A web app allowing for measurement of the 5R-STS and automatizing the prediction and clustering process was constructed. The calculations run server-side, and the web app can easily be used on mobile devices.
Results
Cohorts
Detailed characteristics of the volunteer and patient cohorts are provided in Table 1. Among the 129 spine-healthy volunteers, 167 of 3354 (5.0%) data fields were missing. Similarly, among the 288 patients with spinal disease, 215 of 7488 (2.9%) data fields were missing.
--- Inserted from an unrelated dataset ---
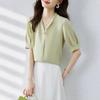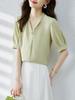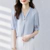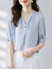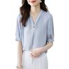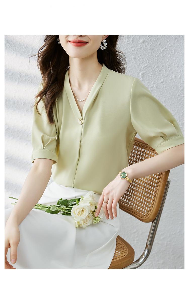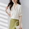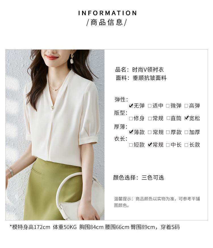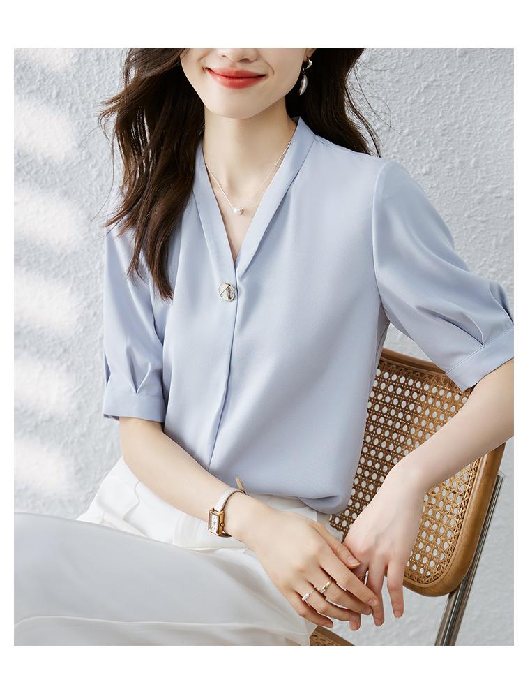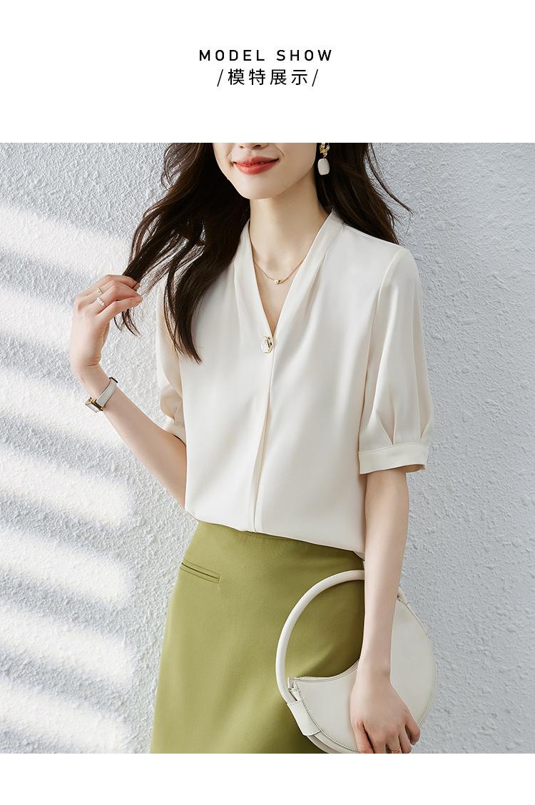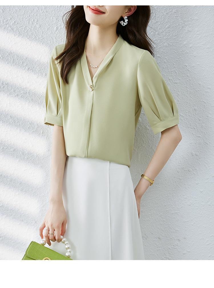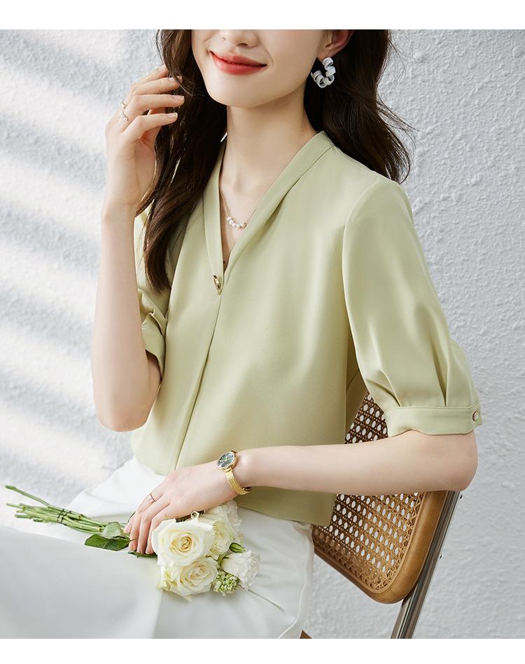 Camisa de Satén con Cuello en V Estilo Francés para Mujer Verano Nueva Elegante Ropa de Trabajo Ropa de Trabajo Profesional Camisa de Manga Corta a la Moda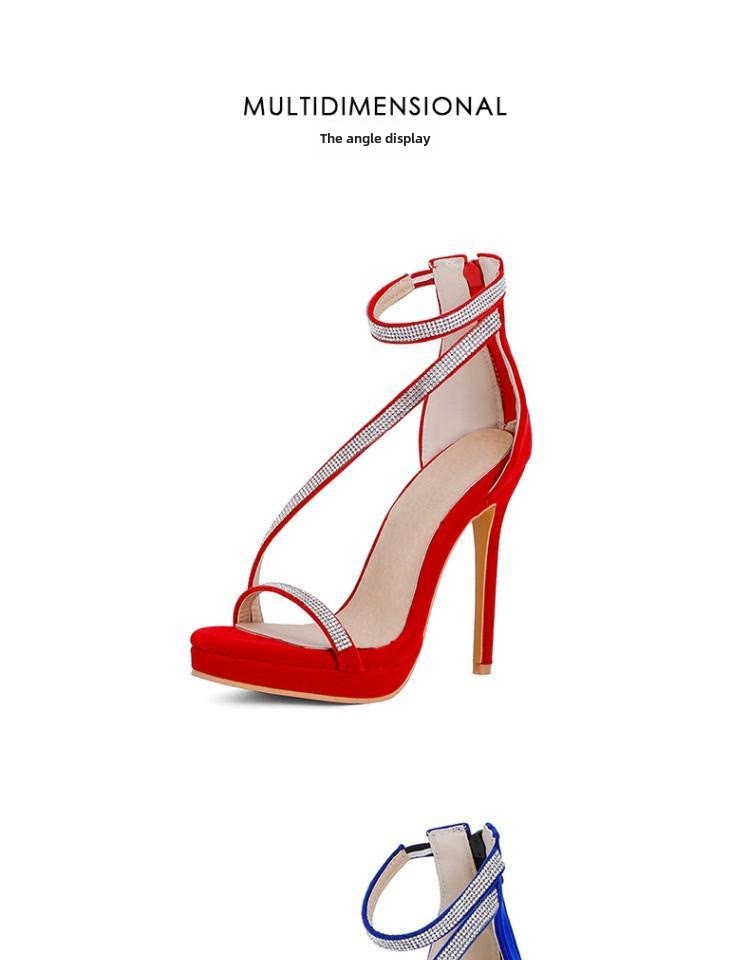 Европейские и американские красные сандалии на очень высоком каблуке, внешняя торговля, женская обувь, очень большой размер 44454650, женская молния сзади, матовый толстый корень, рыбий рот

The mean age for the volunteer cohort was 40 ± 19 years, and for the patient cohort it was 47 ± 13 years (p < 0.001). Sixty volunteers (47%) and 141 patients (49%) with spinal disease were male (p = 0.722). The mean 5R-STS test time recorded in the volunteer cohort was 6.3 ± 1.8 seconds, while the mean test time was 13.5 ± 6.4 seconds among patients (p < 0.001).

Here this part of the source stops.